DATA SEGMENT
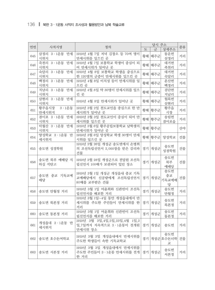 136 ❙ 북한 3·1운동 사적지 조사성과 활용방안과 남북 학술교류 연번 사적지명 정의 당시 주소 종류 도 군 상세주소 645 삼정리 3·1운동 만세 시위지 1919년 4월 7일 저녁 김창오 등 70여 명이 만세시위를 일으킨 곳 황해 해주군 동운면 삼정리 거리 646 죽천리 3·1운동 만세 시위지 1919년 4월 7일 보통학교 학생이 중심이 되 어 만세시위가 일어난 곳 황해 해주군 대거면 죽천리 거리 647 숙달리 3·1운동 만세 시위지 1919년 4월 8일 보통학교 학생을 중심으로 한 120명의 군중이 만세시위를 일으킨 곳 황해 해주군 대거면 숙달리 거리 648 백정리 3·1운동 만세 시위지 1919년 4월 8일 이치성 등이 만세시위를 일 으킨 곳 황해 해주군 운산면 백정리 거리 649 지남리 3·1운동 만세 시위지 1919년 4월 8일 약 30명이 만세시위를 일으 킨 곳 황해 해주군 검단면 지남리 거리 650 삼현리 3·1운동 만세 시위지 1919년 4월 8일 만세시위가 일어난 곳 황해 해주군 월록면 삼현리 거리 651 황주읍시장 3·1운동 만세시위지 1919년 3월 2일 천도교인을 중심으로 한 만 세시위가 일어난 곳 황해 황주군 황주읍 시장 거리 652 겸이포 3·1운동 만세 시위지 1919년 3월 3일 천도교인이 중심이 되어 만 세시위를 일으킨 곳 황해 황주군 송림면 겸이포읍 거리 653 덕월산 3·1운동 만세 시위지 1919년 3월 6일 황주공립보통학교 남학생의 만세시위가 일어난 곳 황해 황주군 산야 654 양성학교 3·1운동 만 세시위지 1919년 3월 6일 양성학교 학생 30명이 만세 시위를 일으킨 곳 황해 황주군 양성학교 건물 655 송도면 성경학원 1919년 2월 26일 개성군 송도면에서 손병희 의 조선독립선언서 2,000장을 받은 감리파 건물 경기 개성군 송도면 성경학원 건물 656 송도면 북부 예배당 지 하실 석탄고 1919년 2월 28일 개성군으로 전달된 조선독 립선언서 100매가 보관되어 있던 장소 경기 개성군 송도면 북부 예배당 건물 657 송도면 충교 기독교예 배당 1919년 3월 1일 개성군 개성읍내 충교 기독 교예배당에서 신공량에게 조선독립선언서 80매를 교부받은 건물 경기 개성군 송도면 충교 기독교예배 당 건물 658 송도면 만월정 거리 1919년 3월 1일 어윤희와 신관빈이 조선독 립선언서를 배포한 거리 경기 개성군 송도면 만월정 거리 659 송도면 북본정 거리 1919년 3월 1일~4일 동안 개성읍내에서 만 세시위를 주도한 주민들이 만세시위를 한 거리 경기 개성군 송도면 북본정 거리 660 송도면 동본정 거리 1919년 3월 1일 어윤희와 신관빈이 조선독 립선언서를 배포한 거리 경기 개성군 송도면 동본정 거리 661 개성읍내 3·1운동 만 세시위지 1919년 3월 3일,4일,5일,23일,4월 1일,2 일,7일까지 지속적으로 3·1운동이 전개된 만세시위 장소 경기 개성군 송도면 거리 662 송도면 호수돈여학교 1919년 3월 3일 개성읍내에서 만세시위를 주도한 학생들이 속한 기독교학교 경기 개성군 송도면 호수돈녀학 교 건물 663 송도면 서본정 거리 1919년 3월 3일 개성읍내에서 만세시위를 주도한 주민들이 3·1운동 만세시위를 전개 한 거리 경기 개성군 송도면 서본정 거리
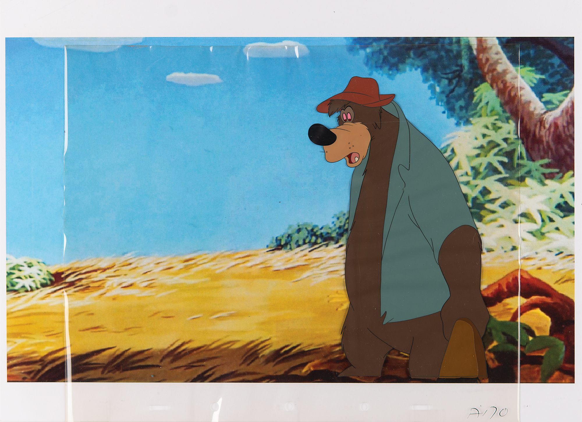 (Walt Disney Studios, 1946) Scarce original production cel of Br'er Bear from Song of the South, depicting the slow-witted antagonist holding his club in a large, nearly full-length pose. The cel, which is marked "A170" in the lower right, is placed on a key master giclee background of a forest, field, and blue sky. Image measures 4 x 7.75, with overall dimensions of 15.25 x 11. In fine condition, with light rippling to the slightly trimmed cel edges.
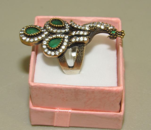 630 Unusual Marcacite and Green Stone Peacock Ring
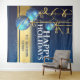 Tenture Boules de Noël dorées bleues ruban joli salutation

TASK BRIEF
Would you retype the listing above exactly, omitting its pictures?

SOLUTION BELOW
 136 ❙ 북한 3·1운동 사적지 조사성과 활용방안과 남북 학술교류 연번 사적지명 정의 당시 주소 종류 도 군 상세주소 645 삼정리 3·1운동 만세 시위지 1919년 4월 7일 저녁 김창오 등 70여 명이 만세시위를 일으킨 곳 황해 해주군 동운면 삼정리 거리 646 죽천리 3·1운동 만세 시위지 1919년 4월 7일 보통학교 학생이 중심이 되 어 만세시위가 일어난 곳 황해 해주군 대거면 죽천리 거리 647 숙달리 3·1운동 만세 시위지 1919년 4월 8일 보통학교 학생을 중심으로 한 120명의 군중이 만세시위를 일으킨 곳 황해 해주군 대거면 숙달리 거리 648 백정리 3·1운동 만세 시위지 1919년 4월 8일 이치성 등이 만세시위를 일 으킨 곳 황해 해주군 운산면 백정리 거리 649 지남리 3·1운동 만세 시위지 1919년 4월 8일 약 30명이 만세시위를 일으 킨 곳 황해 해주군 검단면 지남리 거리 650 삼현리 3·1운동 만세 시위지 1919년 4월 8일 만세시위가 일어난 곳 황해 해주군 월록면 삼현리 거리 651 황주읍시장 3·1운동 만세시위지 1919년 3월 2일 천도교인을 중심으로 한 만 세시위가 일어난 곳 황해 황주군 황주읍 시장 거리 652 겸이포 3·1운동 만세 시위지 1919년 3월 3일 천도교인이 중심이 되어 만 세시위를 일으킨 곳 황해 황주군 송림면 겸이포읍 거리 653 덕월산 3·1운동 만세 시위지 1919년 3월 6일 황주공립보통학교 남학생의 만세시위가 일어난 곳 황해 황주군 산야 654 양성학교 3·1운동 만 세시위지 1919년 3월 6일 양성학교 학생 30명이 만세 시위를 일으킨 곳 황해 황주군 양성학교 건물 655 송도면 성경학원 1919년 2월 26일 개성군 송도면에서 손병희 의 조선독립선언서 2,000장을 받은 감리파 건물 경기 개성군 송도면 성경학원 건물 656 송도면 북부 예배당 지 하실 석탄고 1919년 2월 28일 개성군으로 전달된 조선독 립선언서 100매가 보관되어 있던 장소 경기 개성군 송도면 북부 예배당 건물 657 송도면 충교 기독교예 배당 1919년 3월 1일 개성군 개성읍내 충교 기독 교예배당에서 신공량에게 조선독립선언서 80매를 교부받은 건물 경기 개성군 송도면 충교 기독교예배 당 건물 658 송도면 만월정 거리 1919년 3월 1일 어윤희와 신관빈이 조선독 립선언서를 배포한 거리 경기 개성군 송도면 만월정 거리 659 송도면 북본정 거리 1919년 3월 1일~4일 동안 개성읍내에서 만 세시위를 주도한 주민들이 만세시위를 한 거리 경기 개성군 송도면 북본정 거리 660 송도면 동본정 거리 1919년 3월 1일 어윤희와 신관빈이 조선독 립선언서를 배포한 거리 경기 개성군 송도면 동본정 거리 661 개성읍내 3·1운동 만 세시위지 1919년 3월 3일,4일,5일,23일,4월 1일,2 일,7일까지 지속적으로 3·1운동이 전개된 만세시위 장소 경기 개성군 송도면 거리 662 송도면 호수돈여학교 1919년 3월 3일 개성읍내에서 만세시위를 주도한 학생들이 속한 기독교학교 경기 개성군 송도면 호수돈녀학 교 건물 663 송도면 서본정 거리 1919년 3월 3일 개성읍내에서 만세시위를 주도한 주민들이 3·1운동 만세시위를 전개 한 거리 경기 개성군 송도면 서본정 거리
 (Walt Disney Studios, 1946) Scarce original production cel of Br'er Bear from Song of the South, depicting the slow-witted antagonist holding his club in a large, nearly full-length pose. The cel, which is marked "A170" in the lower right, is placed on a key master giclee background of a forest, field, and blue sky. Image measures 4 x 7.75, with overall dimensions of 15.25 x 11. In fine condition, with light rippling to the slightly trimmed cel edges.
 630 Unusual Marcacite and Green Stone Peacock Ring
 Tenture Boules de Noël dorées bleues ruban joli salutation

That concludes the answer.